Magazines will deploy an entire bag of tricks to attract readers who normally wouldn’t be interested in buying their product. Getting people to subscribe usually involves pretty harmless marketing stuff like gift offers (SI’s football phone is the most famous and successful example), direct mail (send in your toaster warranty and suddenly Martha Stewart is sending you subscription offers), those annoying blow in cards (3 is the magic number and yes they always work) and the ridiculously low subscription price (if you see 12 issues for $10 they’re trying to pad the rate base).

Readers can be bought with football phones but they can’t be forced to buy your magazine at the checkout… or can they. The newsstand is actually where the real nefarious stuff happens. That’s because newsstand is the only metric anyone has to judge a magazine’s popularity (advertising sales isn’t a good indicator because you have no idea how much they discount the ad and how many are house ads).

I was reading a post by Craig Stolz (Web 2.Oh…really)–recently in Time Magazine’s top 25 blogs (here)–about newspaper websites using SEO trickery (worthless links to common words) to make their stories rank higher on google at the cost of degrading the user experience (here). Reminds me of the similar magazine practice where the cover will have fake numbers (chosen for how they look on the cover) to trick people into thinking there’s 234 tips or 55 great trips inside and then big cover lines will sell you on stories that turn out to be 1/3 page or worse–a sentence within a story. And then there’s all those lifeless packages (conceived to give you a number on the cover or a coverline), topical yet vapid front of book pieces and shiny products with hollow write-ups, all served up at the cost of user experience in hopes of attracting more newsstand buyers.
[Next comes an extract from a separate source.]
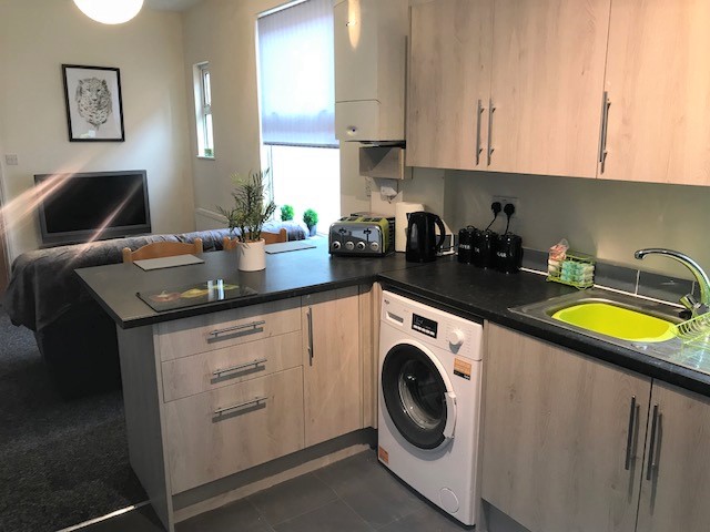 Fully equipped kitchen: cooker, oven, microwave, fridge, freezer, toaster, kettle, washing machine.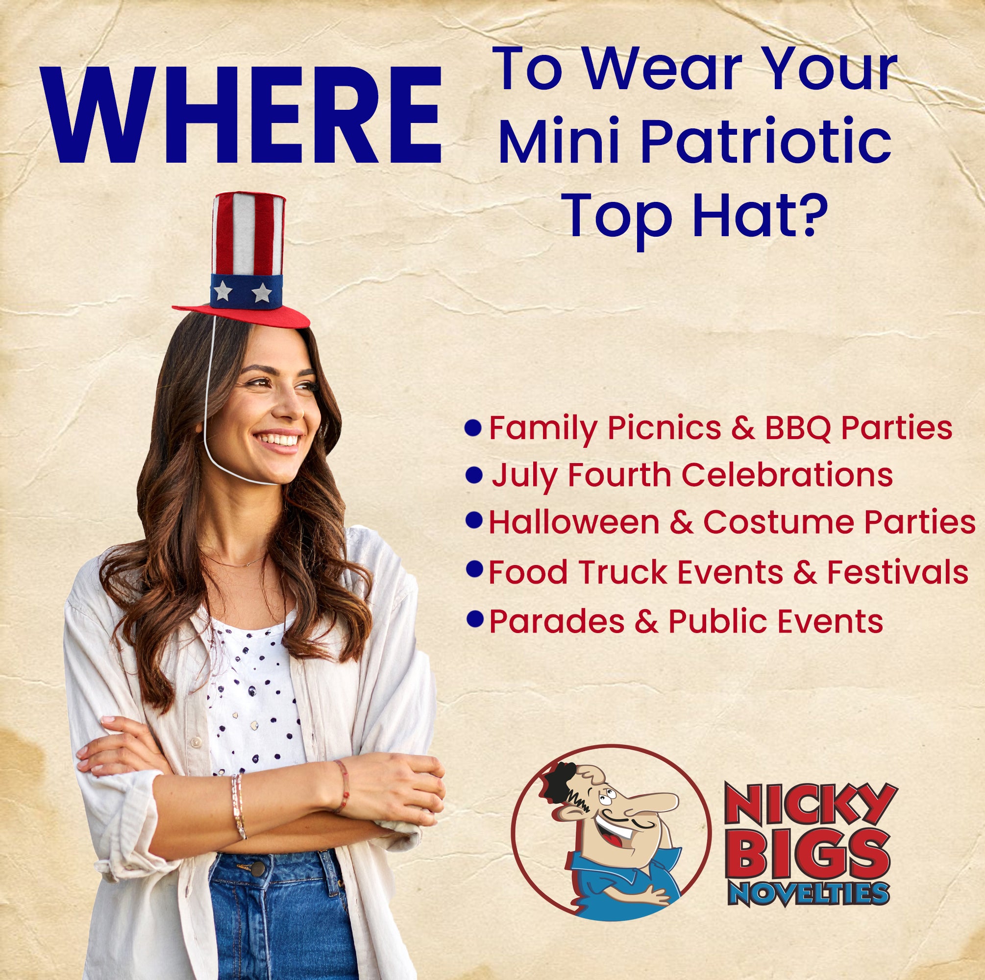 - Authentic Patriotic Design: Showcase your American pride with this mini top hat featuring classic red and white stripes, a deep blue band adorned with six white stars, and a tall, slender profile that captures the essence of Uncle Sam's iconic look.

Of course the worst example of this bait and switch technique is the cover image. A subject chosen for their ability to hit it big on the newsstand accompanied by a perfunctory story on the inside. This has nothing to do with your mission as a magazine.

That’s why I love Esquire for owning up to it on the cover this month with a picture of Jessica Simpson and the coverline “We shot this image to catch your eye so you will pick up this issue and immerse yourself in the most gripping story you will read this year.” Bravo.